Annie Dillard wrote, “How we spend our days is, of course, how we spend our lives.” On the first of each month, Catching Days hosts a guest writer in the series, “How We Spend Our Days.” Today, please welcome writer Ron Carlson.

Writing Day 004There was a weekday this July when all the banks in Utah were closed. I was born and grew up in Utah and lived there for years, growing up among the Mormons which was a valuable feature of a writer’s youth. I have been away from that dear place a long time and live in a beach town in California now, but on this particular day I greeted people with “Happy Holiday.” It was also my brother’s birthday and as kids we were thrilled that he got a big parade every July 24, Pioneer Day. I was in the actual parade once in high school when my buddy George Pearson and I walked the route through downtown Salt Lake City as Roman Soldiers. I have no idea why. I think the costumes were available, always a good guide for character development. A girl I had a crush on rode a unicycle along with us.

So I wake up nostalgic in the dead center of the summer and the marine layer off the coast has dissipated and the sun is that thing, promising, here’s another day, buddy, and I step out the back door of my cottage and across my little patio to the room in which I write. Years ago the French translator of one of my stories wrote to me and said: what is this thing, patio? Is it like a terrace? I grew up in a small house on the west side of Salt Lake, and my father poured a cement pad between the house and the wooden garage. He was a welder and made an arched arbor at one end with a steel frame onto which plants volunteered. We barbequed on that patio many a summer night in the late fifties. If you’d said the word terrace, my mother, who loved words more than any person I’ve ever met, would have said, veranda, adding an h to the end of the word, her little joke. We had a patio–and now a million years later I have one again and I walk ten steps across to my writing room. So, it’s Pioneer Day 2014.
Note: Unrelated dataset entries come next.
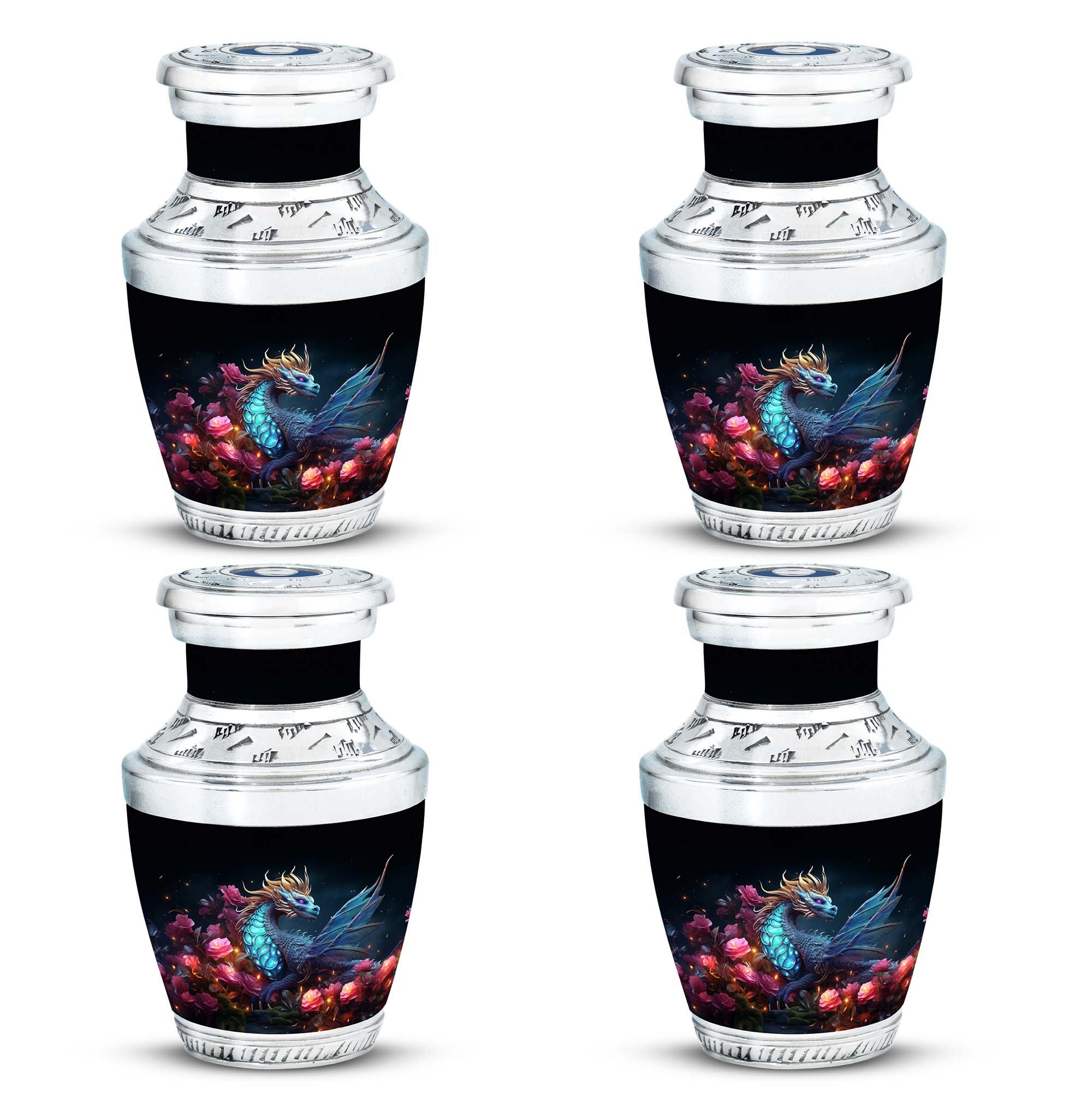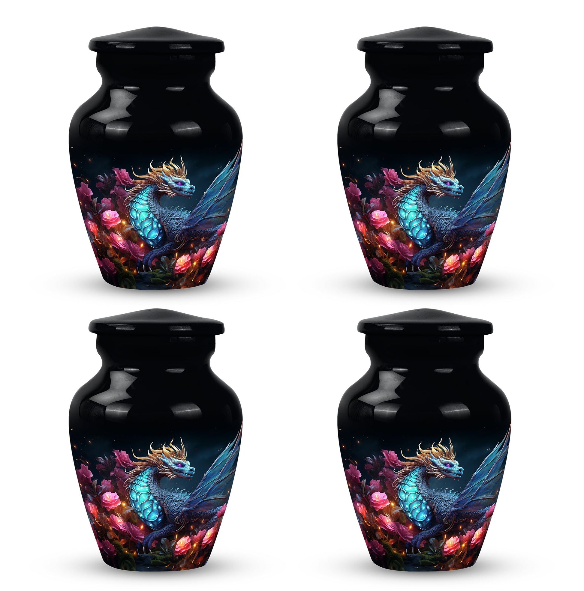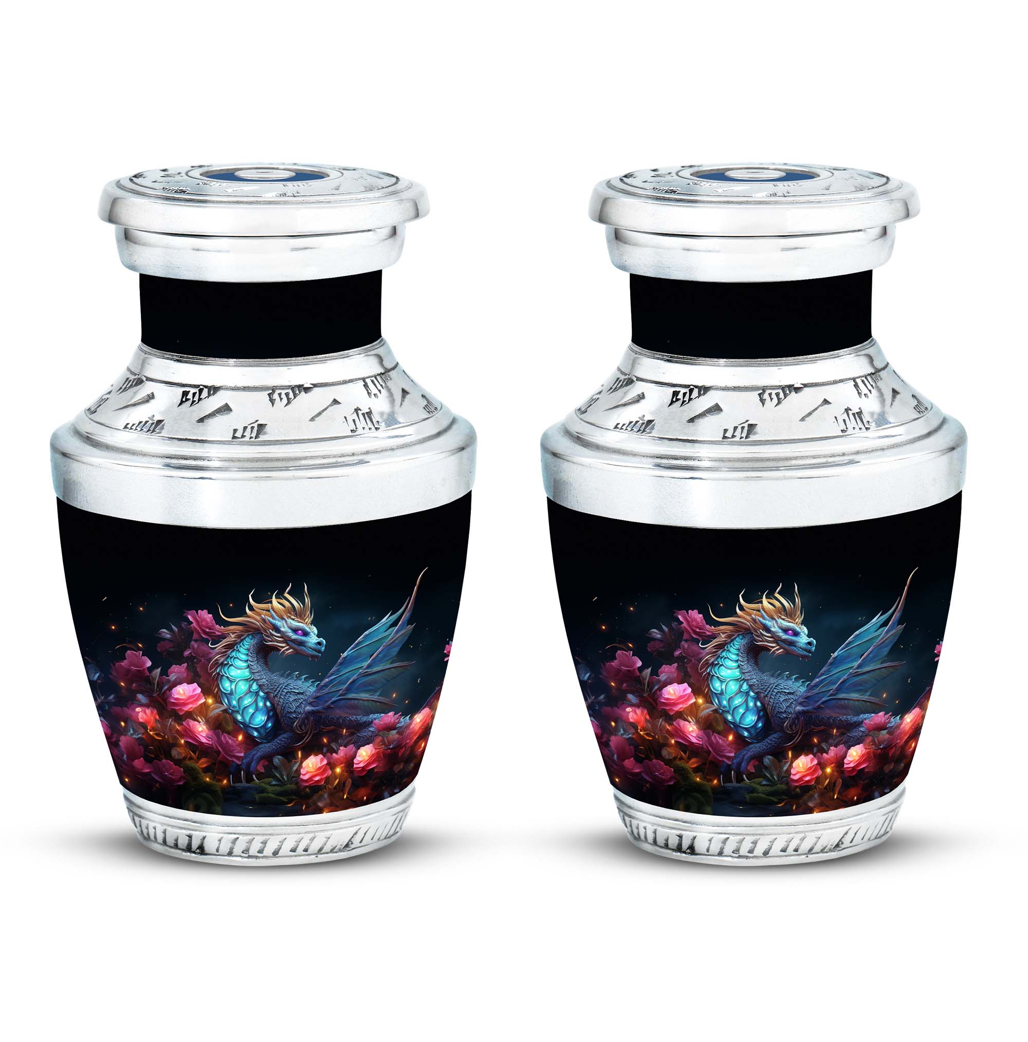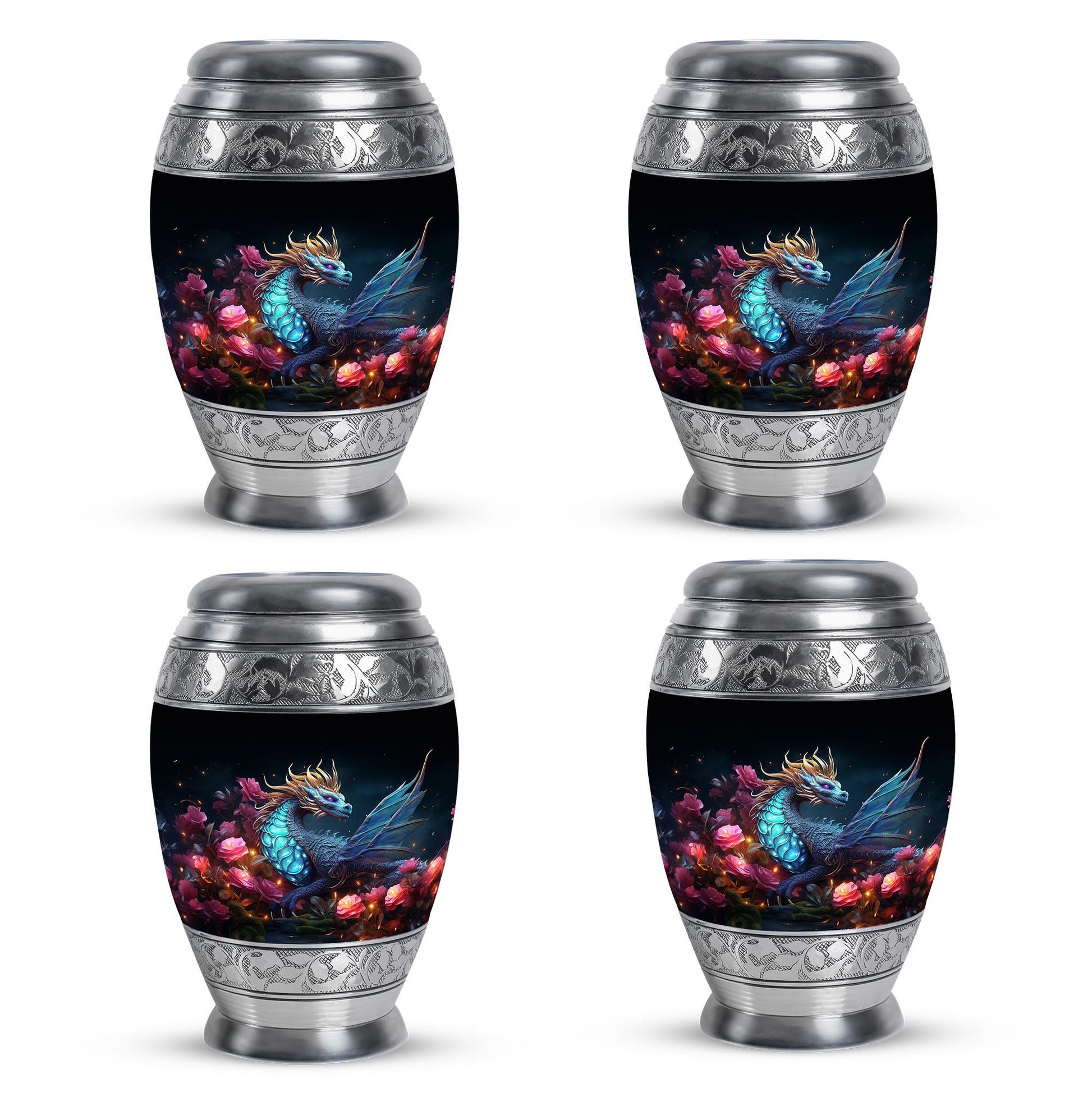 The Dragon Amidst Moonlit Roses cremation urn is a breathtaking symbol of strength, love, and transformation. Featuring a majestic dragon surrounded by moonlit roses, this urn embodies courage, eternal guardianship, and devotion. It’s a perfect choice for families who wish to celebrate the enduring spirit of a loved one through art and symbolism.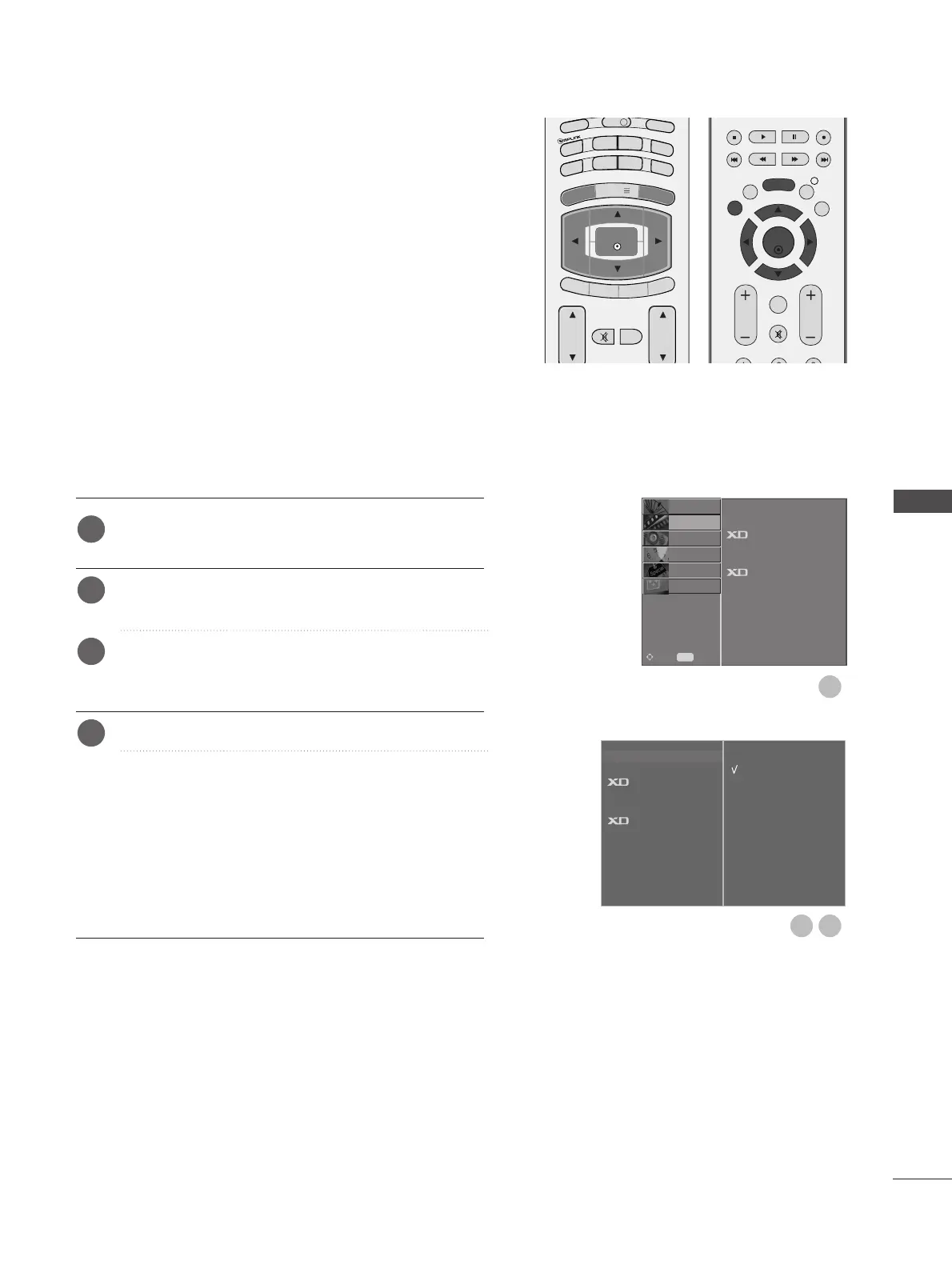 Mode menu based on the programme category.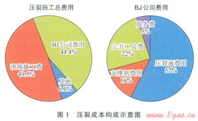 眾所周知,非常規(guī)油氣開(kāi)發(fā)的經(jīng)濟(jì)效益取決于成本的控制,北美取得頁(yè)巖氣開(kāi)發(fā)的成功正是由于采用了低成本的清水壓裂[4]。但以勝利油田某非常規(guī)頁(yè)巖油氣井的壓裂開(kāi)采預(yù)算為例(圖1),不難看出,國(guó)外公司的完井工具、壓裂材料(壓裂液和支撐劑)以及技術(shù)服務(wù)費(fèi)用占據(jù)全部壓裂費(fèi)用的44.4%,其中,壓裂液的費(fèi)用又占BJ公司全部預(yù)算的57%。兇此,目前的非常規(guī)油氣開(kāi)發(fā)模式難以取得經(jīng)濟(jì)效益,從長(zhǎng)遠(yuǎn)角度出發(fā),必須要有大量的資金和科研力量投入到非常規(guī)油氣開(kāi)采的基礎(chǔ)研究上,從完井工具、壓裂液和支撐劑以及相關(guān)技術(shù)上打破國(guó)外技術(shù)壟斷。提升壓裂開(kāi)采的軟件實(shí)力,才能有效控制開(kāi)發(fā)成本,取得并提高經(jīng)濟(jì)效益。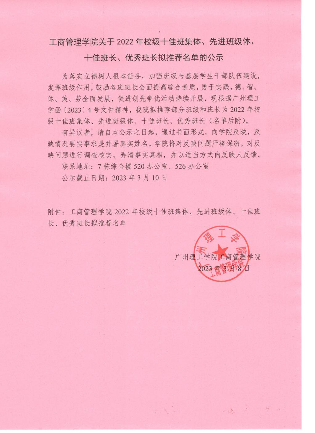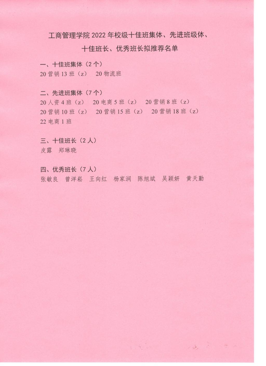 伟德国际1946关于2022年校级十佳班集体、先进班级体、十佳班长、优秀班长拟推荐名单的公示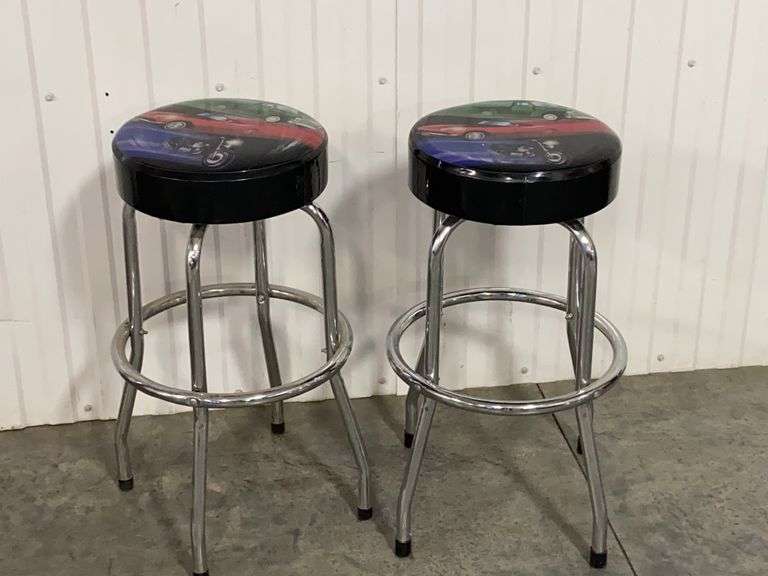 This is a set of two bar stools with a automotive theme, with an image of a motorcycle, car and pick up truck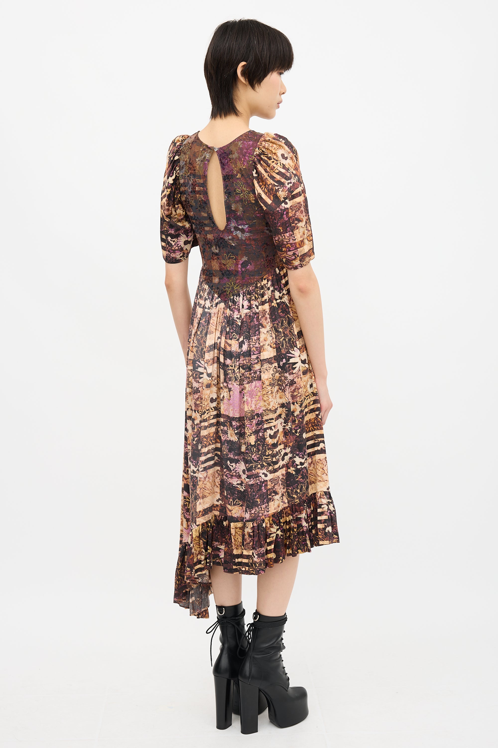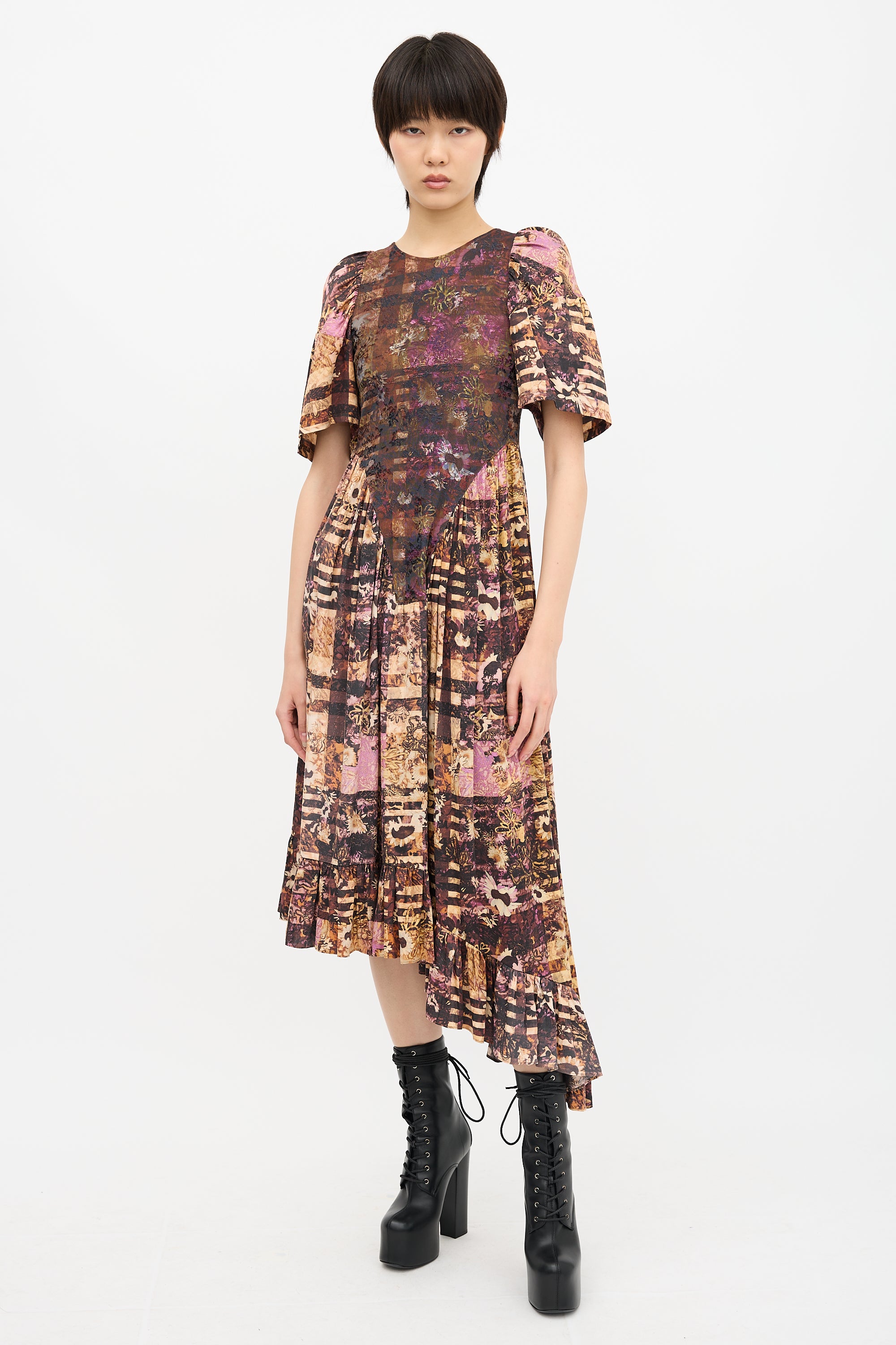 Pre-owned Collina Strada purple, brown, and multicolour Pollinate midi dress featuring floral and check print, round neckline, back keyhole with button closure, gathered waist, asymmetric ruffle hem, and puff sleeves. Lined bodice.

Writing Day 003Overhead a dirty yellow Cessna flies over my little house every eighteen minutes dragging a banner urging those of us below to drink a new beer which is actually an old beer in a new bottle. He’s there many days, circling back from the beachfront, sounding like a lawn mower really, sounding like he could use a tune up. Every day he has more readers than many of us ever get.

My writing room is a writing room, some people would say writing studio and that’s a bit like saying veranda. It has the great everlasting writing devices: a big table and a door. On the wall the old charming artwork for the cover of my first novel Betrayed by F. Scott Fitzgerald and two thrift store paintings my sons have edited for me and which I absolutely love. In one of the paintings the mounted cowboy on the mountain pass can’t see the asteroid approaching in the moonlight, in the other several pink pigs await their cappuccinos.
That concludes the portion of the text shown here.